The average T(1rho)-relaxation times in the weight-bearing (WB) and nonweight-bearing (NWB) regions of the femoral condyle were 42.2 +/- 3.6 msec and 55.7 +/- 2.3 msec (mean +/- SD, N = 5, P < 0.0001), respectively. In the same regions, the corresponding T(2)-relaxation times were 31.8 +/- 1.5 msec and 37.6 +/- 3.6 msec (mean +/- SD, N = 5, P < 0.0099). T(1rho)-weighted images have approximately 20%-30% higher SNR than the corresponding T(2)-weighted images for similar echo time. The average SLC in the WB region of femoral cartilage was 30 +/-4.0%. Furthermore, SLC maps provide better contrast between fluid and articular surface of femoral-tibial joint than T(1rho)-maps. The T(1rho)-relaxation times varied from 32 msec to 42 msec ( approximately 31%) in the WB and 37 msec to 56 msec ( approximately 51%) in NWB regions of femoral condyle, respectively, in the frequency range 0-500 Hz (T(1rho)-dispersion).

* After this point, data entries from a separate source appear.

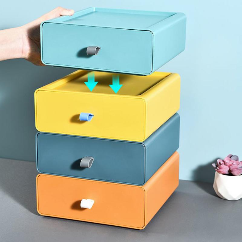 Настольный штабелируемый органайзер-ящик Офисные аксессуары Цветной ящик для хранения Косметика Пластиковый контейнер для хранения Хранение в ванной 1 шт.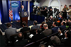 Walter Pincus: Mass-media este condiţionată de televiziune. Din acest motiv revin mereu la Deaver. El este cel care a aranjat lucrurile pentru ca presa scrisă să îşi modeleze paşii după cei ai televiziunii. După primele două sau trei conferinţe de presă ale lui Ronald Reagan, începuserăm să scriem articole evidenţiind toate greşelile pe care el le comenta. Iar scrisorile au început să curgă: „De ce vă luaţi de el?” De atunci, am renunţat complet la acest gen de practici. Am scris destule articole critice după discursul lui Powell la ONU şi uneori ne mai asumăm riscuri atunci când Preşedintele ţine un discurs, dar în majoritatea timpului, nici măcar acest efort nu mai există. Când George W. Bush a ajuns la putere, teoria lui Deaver era atât de bine întipărită, încât când Preşedintele avea o problemă se spunea: „Nu are legătură cu mesajul său.” Gândiţi-vă puţin la ce vrea să spună asta. Este vorba despre strategia sa de comunicare: un Preşedinte bun este un om care nu se îndepărtează niciodată de mesajului zilei. La începuturile sale, Clinton înnebunea pentru că era acuzat de faptul că face prea multe lucruri într-o singură zi. Presa spunea despre el că este incapabil să se concentreze pe un singur subiect. Era o adevărată nebunie!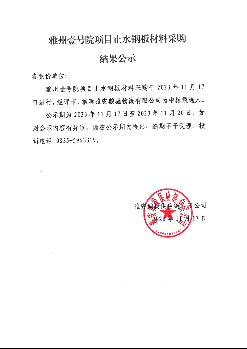 雅州壹號(hào)院項(xiàng)目止水鋼板材料采購結(jié)果公示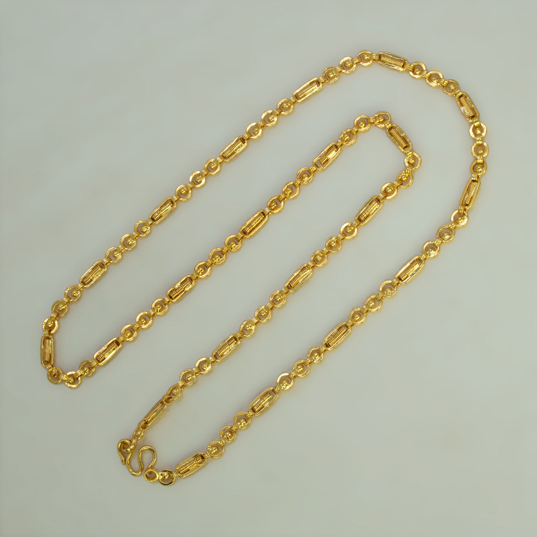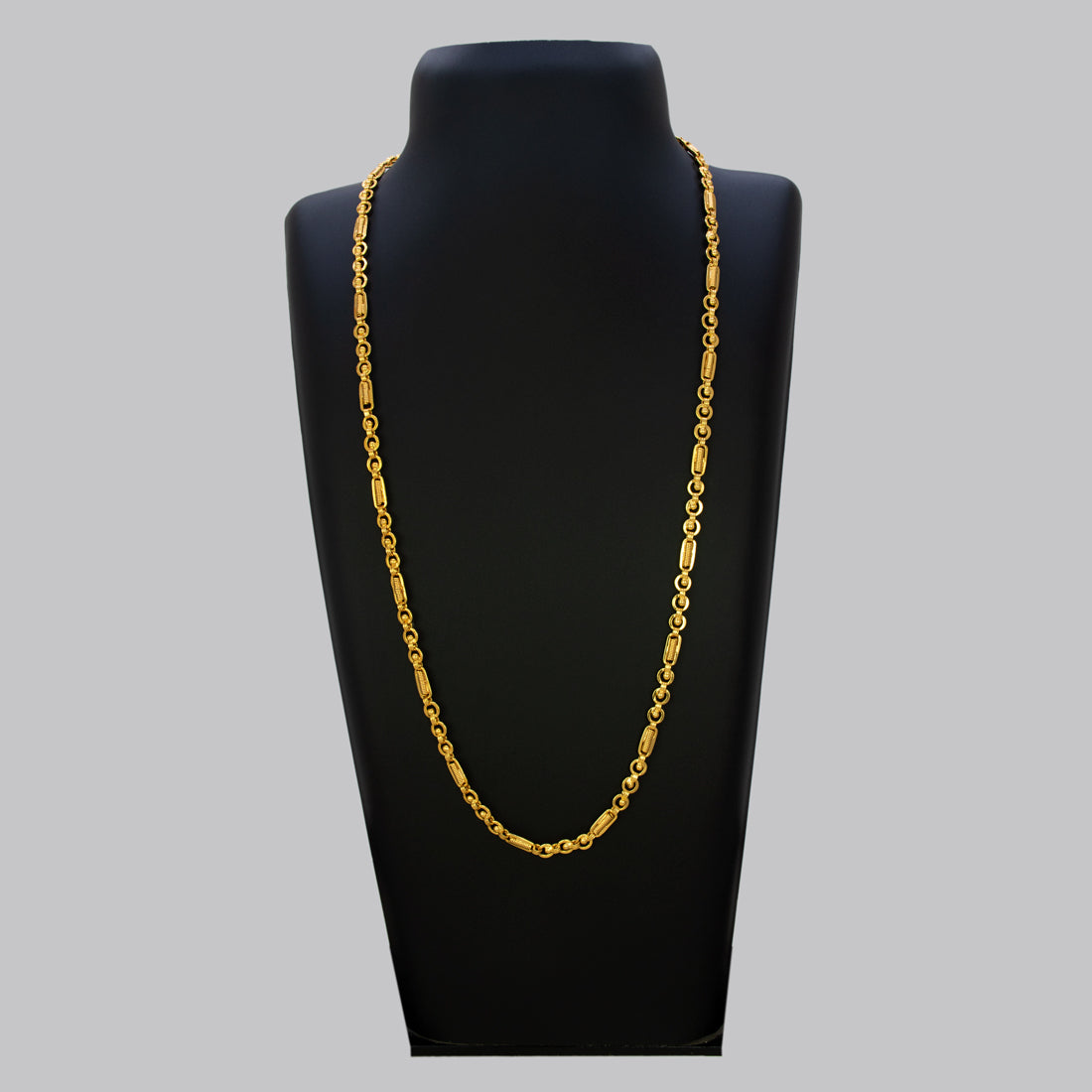 The Gold Plated Designer Kaveri Chain combines contemporary style with versatile wear. This 24-inch micro gold-plated chain offers a lightweight option suitable for both everyday elegance and special occasions. The sophisticated design appeals to women and teenagers seeking a timeless piece that transitions seamlessly from casual to formal settings. An ideal addition to any jewellery collection.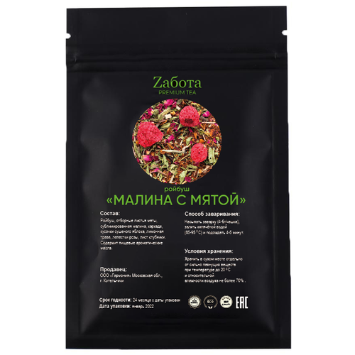 Premium чай ройбуш Малина и мята, красный фиточай листовой, Zабота, рассыпной, чайный травяной напиток, подарок женщине, мужчине 100 гр.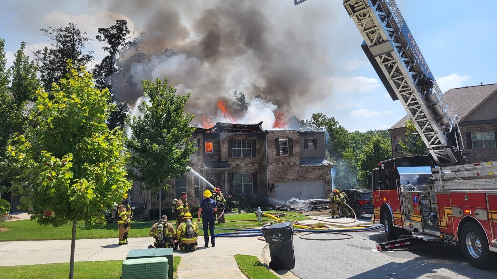 Gwinnett County Fire and Emergency Services took to their social media to express their gratefulness that no one was home at the time of the fire and for the kindness of neighbors.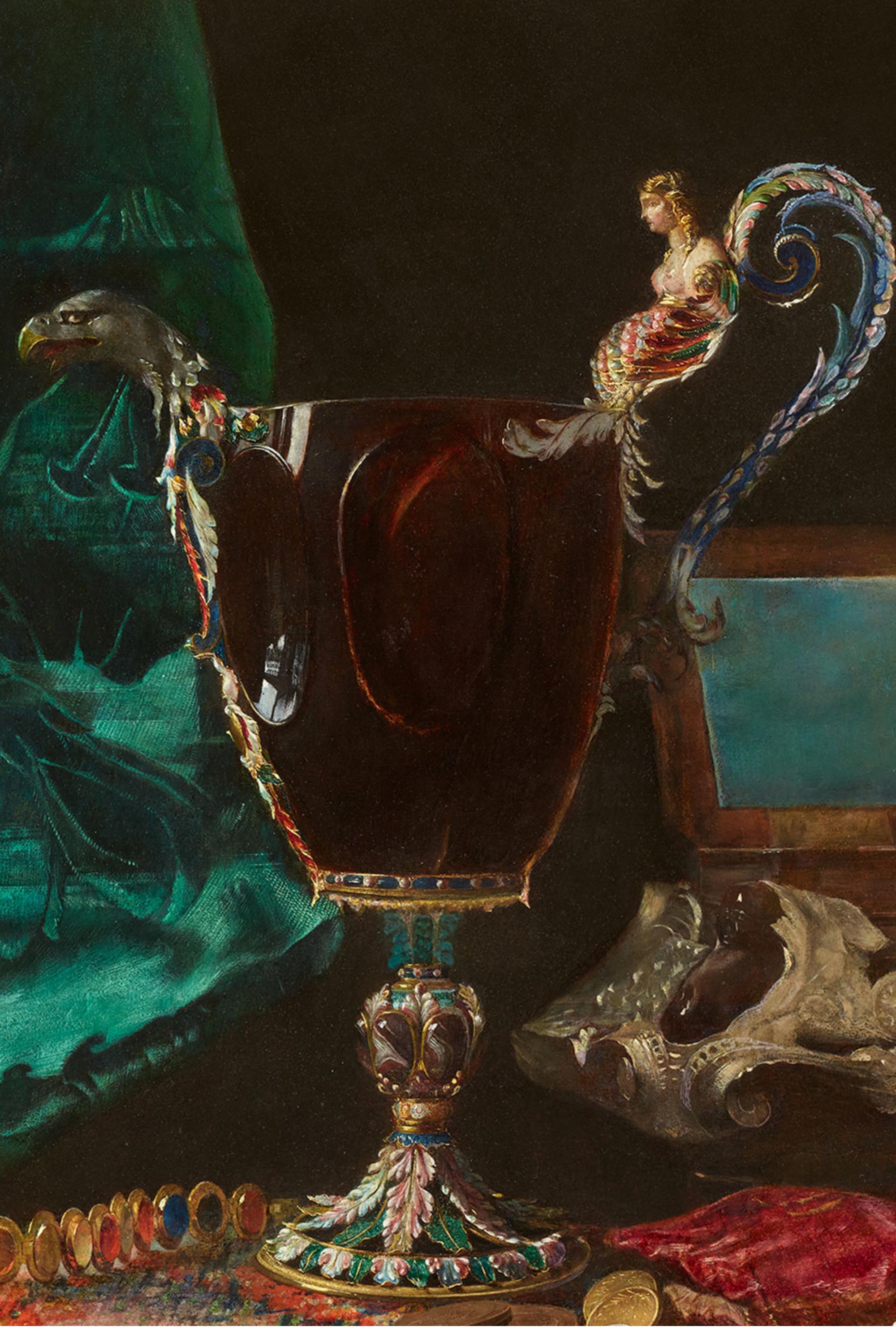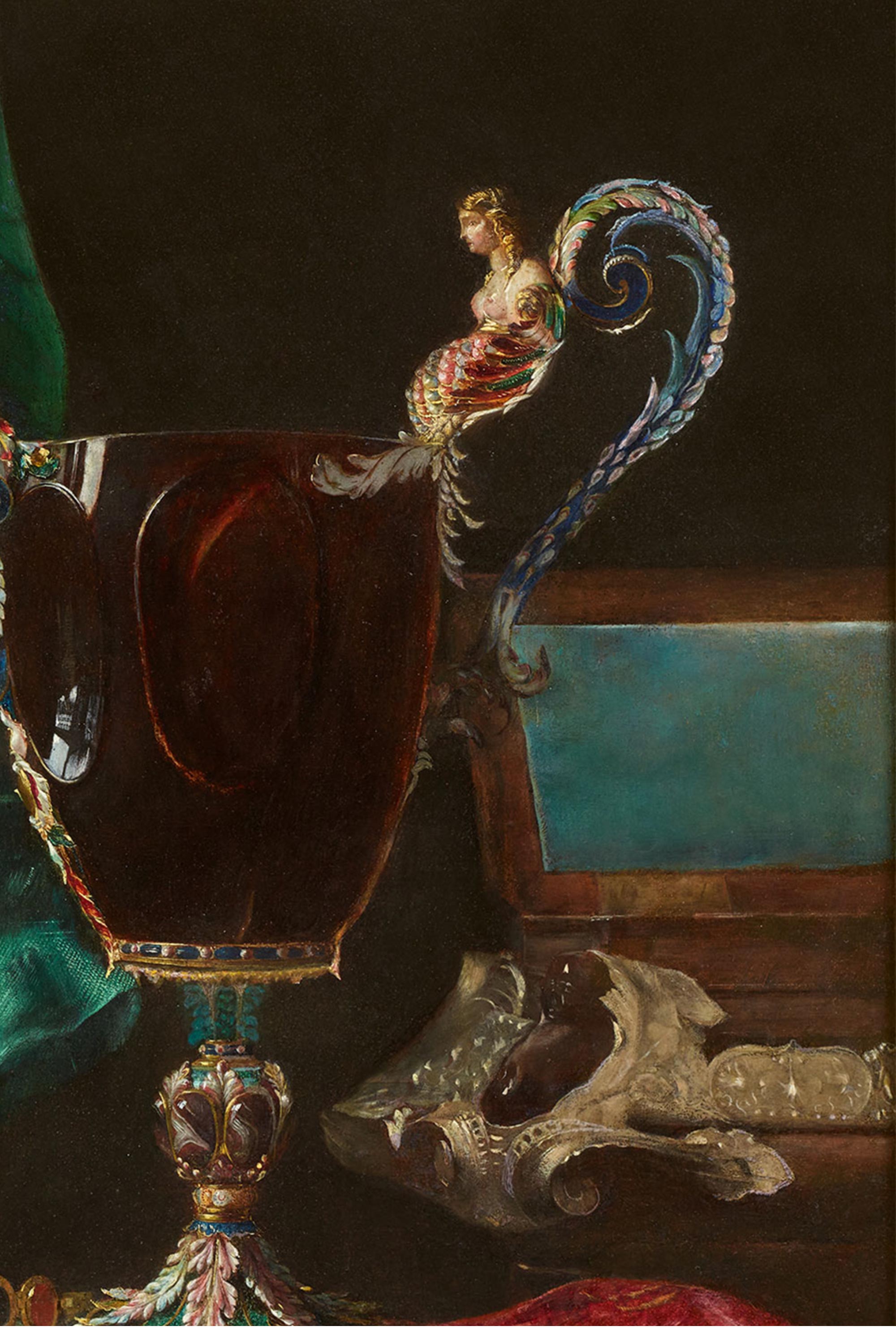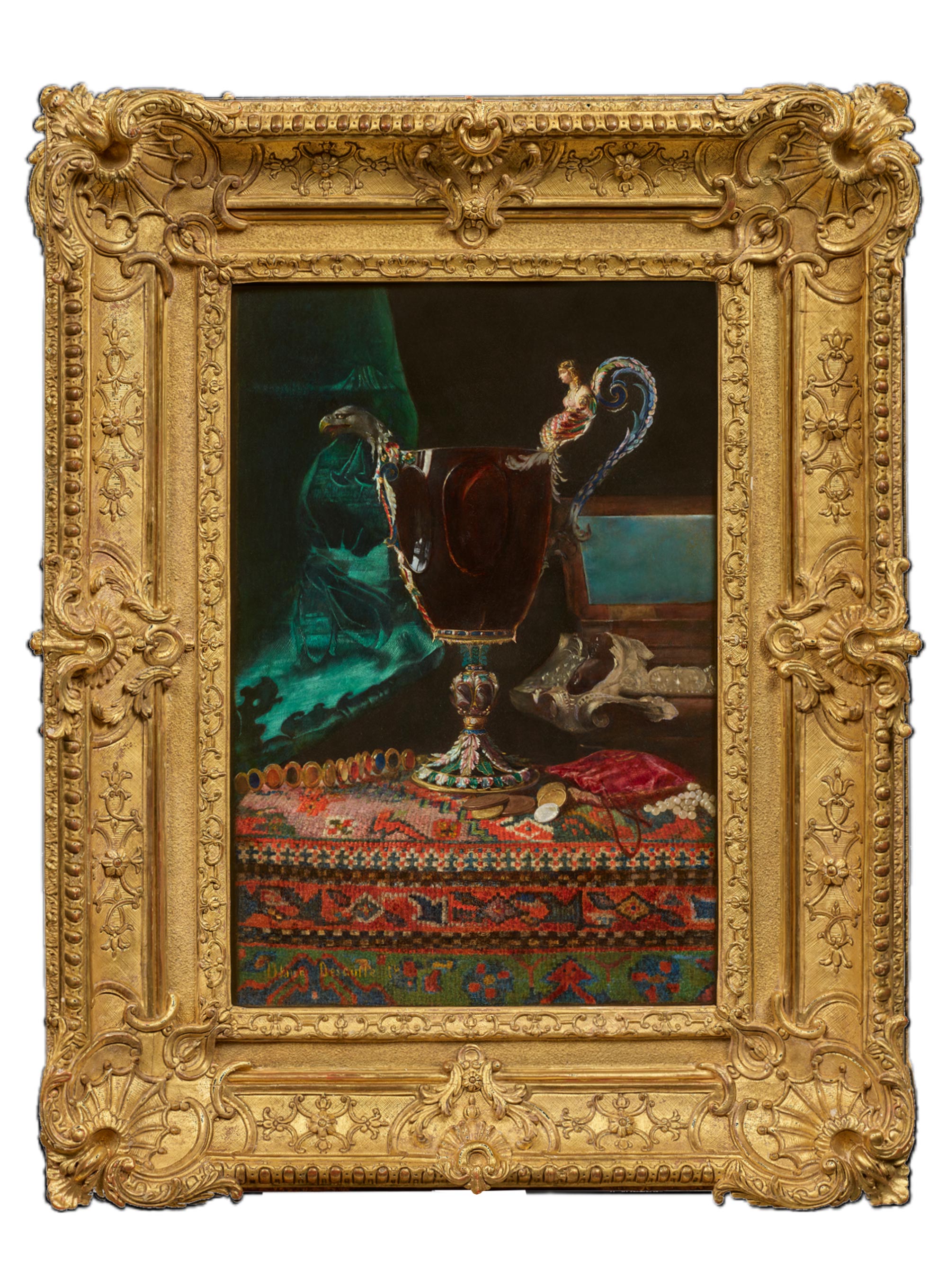 独角鹿西洋古董 1857年代法国画家Blaise Desgoffe签名创作静物油画作品《土耳其地毯上的玛瑙珐琅杯》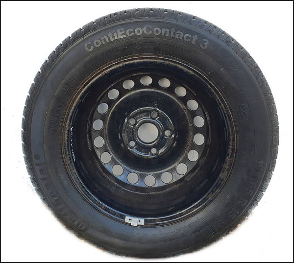 Wheel in average used condition. Tyre 40-50% tread. Perfectly adequate as an emergency spare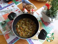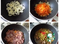 Я взяла высокий сотейник, налила в него масла оливкового, разогрела и выложила лук репчатый, порезанный полу-кольцами. Лук порежьте так, как нравится! Золотим лук и выкладываем натёртую морковь. Я потомлю морковь с луком минут 5 на маленьком огне при закрытой крышке. Выкладываем печень, перемешиваем. Тушим минут 10 опять же на минимальном огне при закрытой крышке. Печень птицы, она, очень быстро приготовится. Добавляем пол-банки зелёного горошка без жидкости. Отрезала от целого перца чили примерно 5 см, убрала семена и нарезала тонко. Добавила в содержимое сотейника. Если перца в стручке нет, то по желанию поперчите любым, вами любимым. Если будут есть дети, то перец не кладите. Солим по вкусу и всё перемешиваем. Тушим ещё на минимальном огне под крышкой минут 5. |

The feasibility of performing in vivo T(1rho) relaxation mapping in femoral cartilage at 1.5T clinical scanner without exceeding Food and Drug Administration (FDA) limits on specific absorption rate (SAR) of RF energy was demonstrated.
证明在旋转坐标系中测量自旋晶格弛豫时间(T(1ρ))以及人体股骨软骨中T(1ρ)弥散的体内可行性。此外,我们旨在计算健康志愿者的基线T(1ρ)弛豫时间和自旋锁定对比(SLC)图,并将弛豫时间和信噪比(SNR)与相应的T(2)加权图像进行比较。
所有磁共振成像实验均在1.5T GE Signa扫描仪(通用电气医疗系统公司,威斯康星州密尔沃基)上进行,使用定制的15厘米发射 - 接收正交鸟笼式射频(RF)线圈。用由两个硬90度脉冲和一个低功率自旋锁定脉冲组成的三脉冲簇预编码的单切片二维快速自旋回波(FSE)脉冲序列对T(1ρ)准备的磁化进行成像。除了改变自旋锁定脉冲的长度外,通过以五个步骤将自旋锁定频率从100 Hz变化到500 Hz来进行T(1ρ)弥散成像。
股骨髁负重(WB)和非负重(NWB)区域的平均T(1ρ)弛豫时间分别为42.2±3.6毫秒和55.7±2.3毫秒(平均值±标准差,N = 5,P < 0.0001)。在相同区域,相应的T(2)弛豫时间分别为31.8±1.5毫秒和37.6±3.6毫秒(平均值±标准差,N = 5,P < 0.0099)。对于相似的回波时间,T(1ρ)加权图像的SNR比相应的T(2)加权图像高约20% - 30%。股骨软骨WB区域的平均SLC为30±4.0%。此外,SLC图在股骨 - 胫骨关节的液体和关节表面之间提供了比T(1ρ)图更好的对比度。在0 - 500 Hz频率范围内(T(1ρ)弥散),股骨髁WB区域的T(1ρ)弛豫时间分别从32毫秒变化到42毫秒(约31%),NWB区域从37毫秒变化到56毫秒(约51%)。
证明了在1.5T临床扫描仪上对股骨软骨进行体内T(1ρ)弛豫映射且不超过美国食品药品监督管理局(FDA)对RF能量比吸收率(SAR)限制的可行性。